> Problem to solve
Nothing but the lines below from the one that contains "- 快速提取和标准化财报、研报等金融文档中的关键数据,助力数据分析与决策支持。" through the one that contains "VASAGLE Nachttisch 2er" should be retyped, exactly and including both ends. Do not include pictures.

> Data to use
===

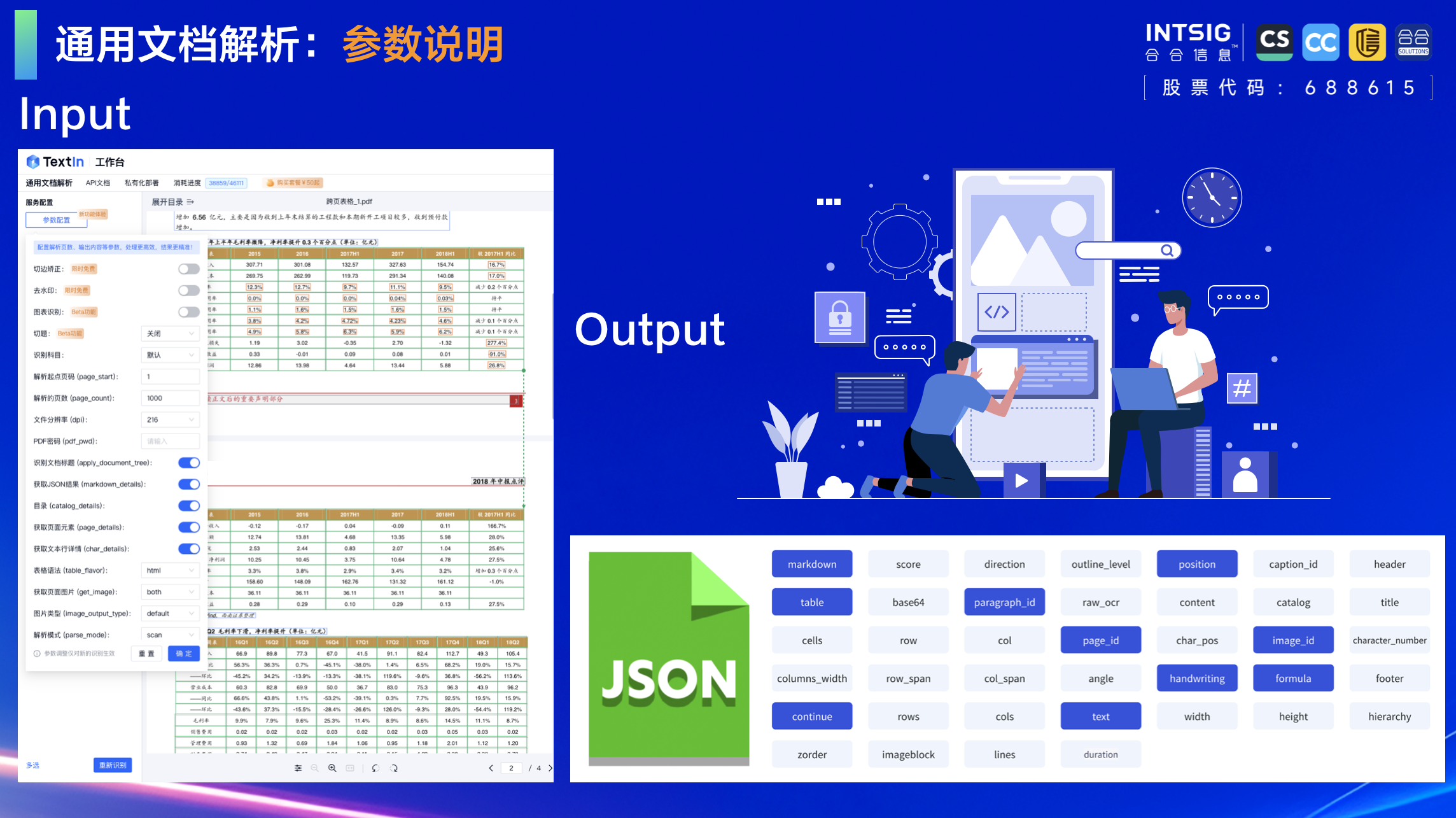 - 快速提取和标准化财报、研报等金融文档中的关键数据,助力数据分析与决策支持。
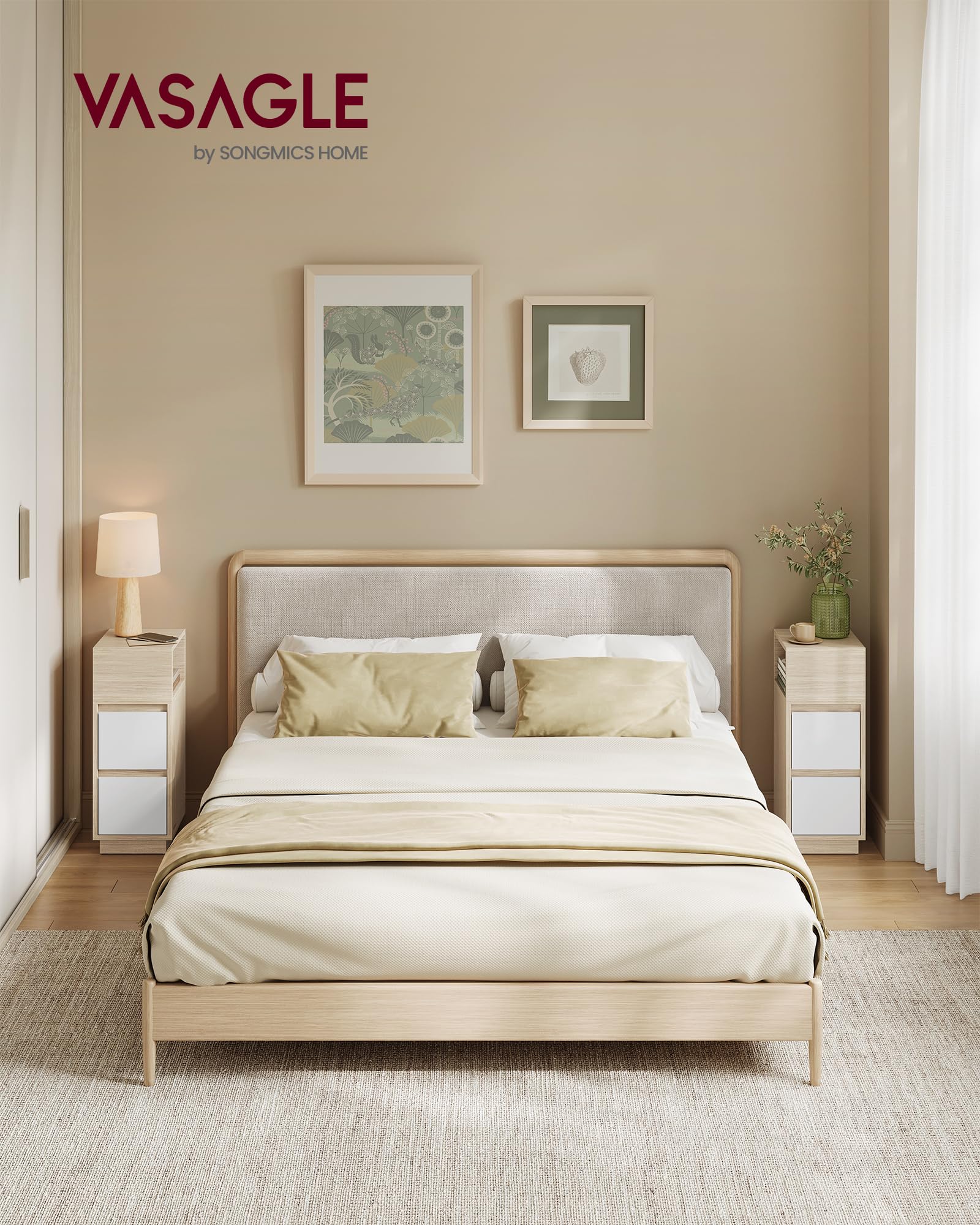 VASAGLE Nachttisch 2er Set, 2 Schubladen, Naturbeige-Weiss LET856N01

===

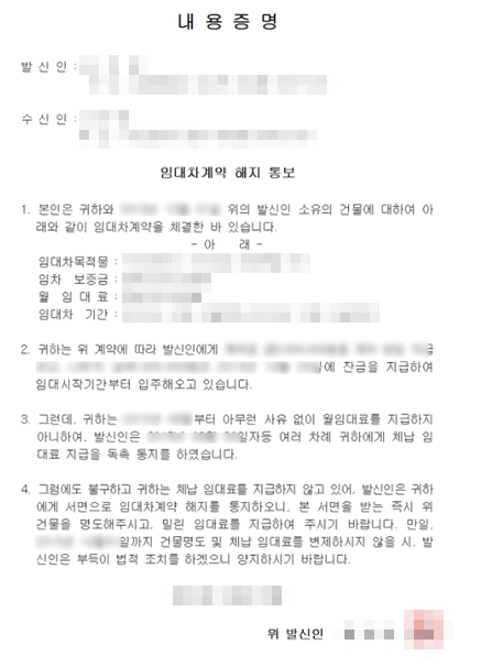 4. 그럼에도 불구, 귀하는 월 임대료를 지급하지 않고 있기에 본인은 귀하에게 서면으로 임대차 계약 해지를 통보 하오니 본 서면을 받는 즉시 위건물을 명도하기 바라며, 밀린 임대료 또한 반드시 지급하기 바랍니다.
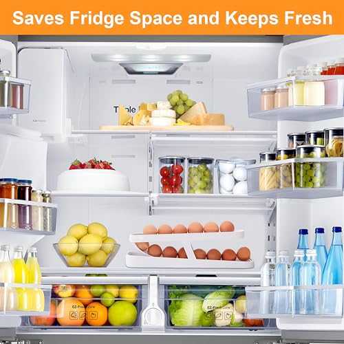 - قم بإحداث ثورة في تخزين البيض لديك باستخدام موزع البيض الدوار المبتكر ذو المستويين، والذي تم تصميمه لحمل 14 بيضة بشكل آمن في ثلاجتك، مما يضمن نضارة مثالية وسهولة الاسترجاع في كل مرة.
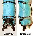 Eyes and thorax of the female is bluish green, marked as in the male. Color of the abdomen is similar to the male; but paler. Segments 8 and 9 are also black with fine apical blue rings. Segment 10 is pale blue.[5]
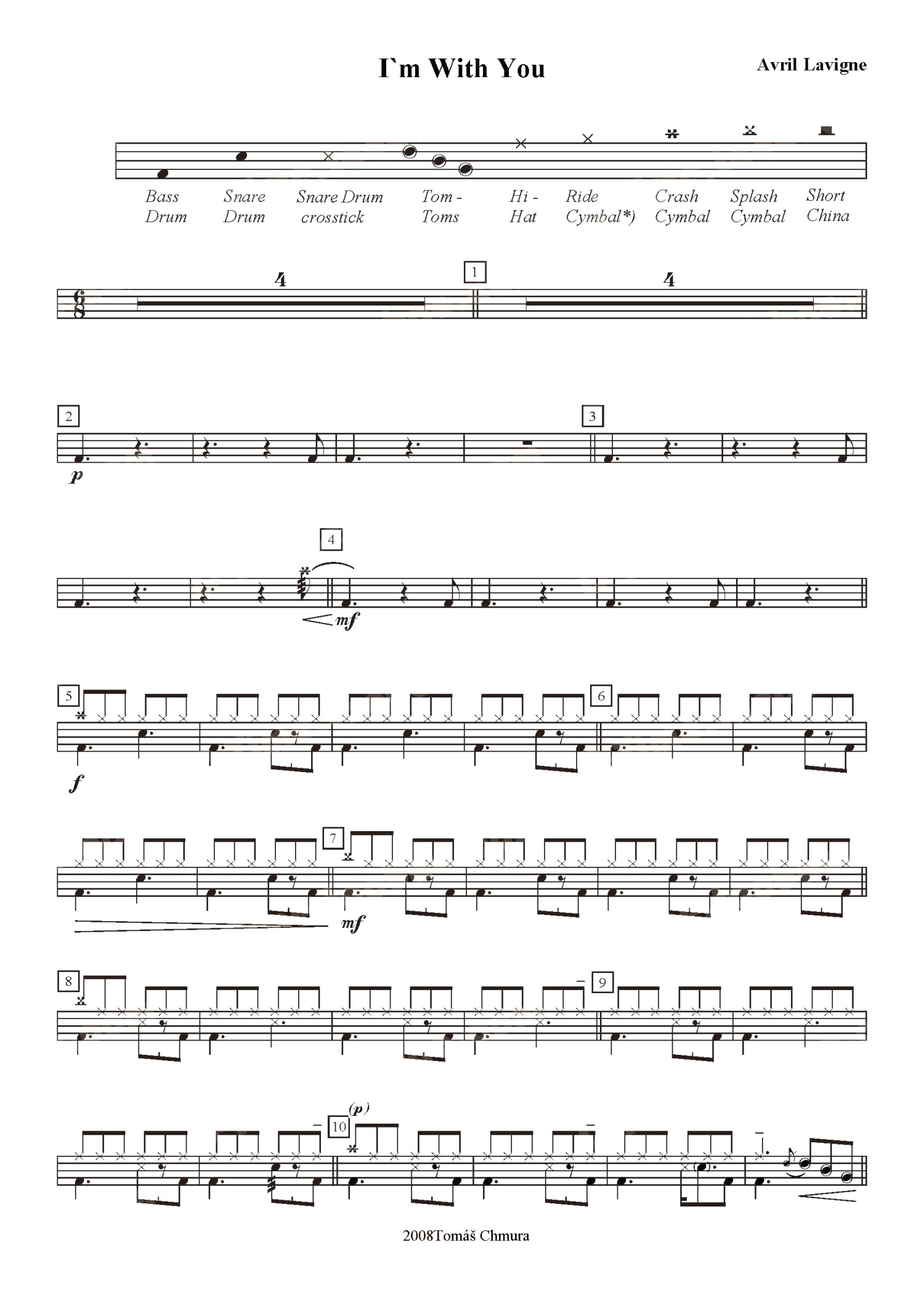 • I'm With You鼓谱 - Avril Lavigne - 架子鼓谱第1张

===

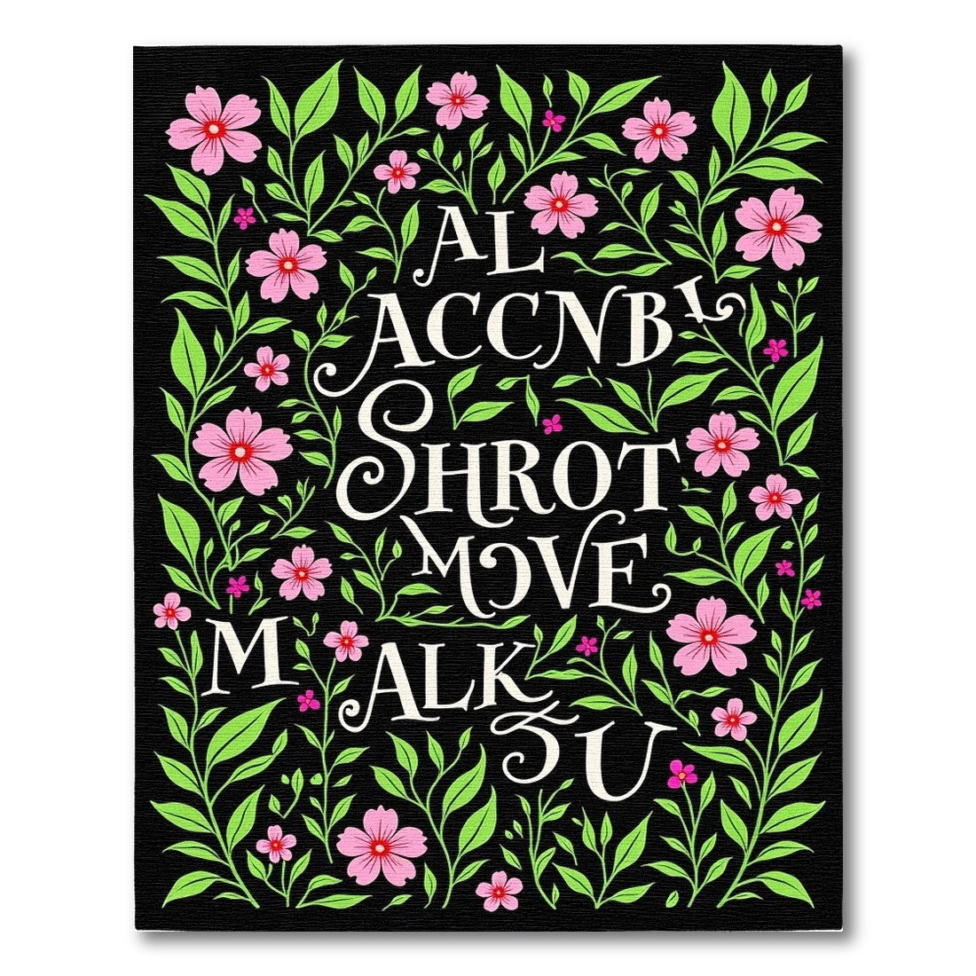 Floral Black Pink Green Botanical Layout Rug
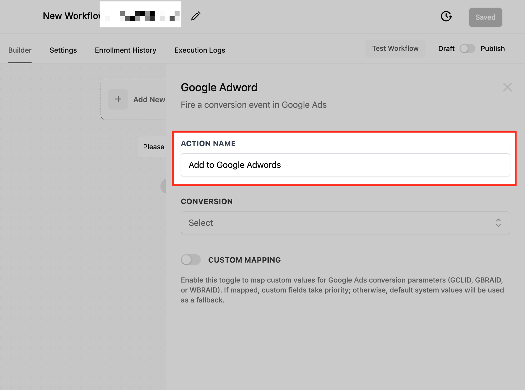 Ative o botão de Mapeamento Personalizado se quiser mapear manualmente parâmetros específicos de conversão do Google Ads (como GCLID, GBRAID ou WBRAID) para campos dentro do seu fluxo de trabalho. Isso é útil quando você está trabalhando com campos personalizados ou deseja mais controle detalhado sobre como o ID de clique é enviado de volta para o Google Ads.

===

> Worked solution
 - 快速提取和标准化财报、研报等金融文档中的关键数据,助力数据分析与决策支持。
 VASAGLE Nachttisch 2er Set, 2 Schubladen, Naturbeige-Weiss LET856N01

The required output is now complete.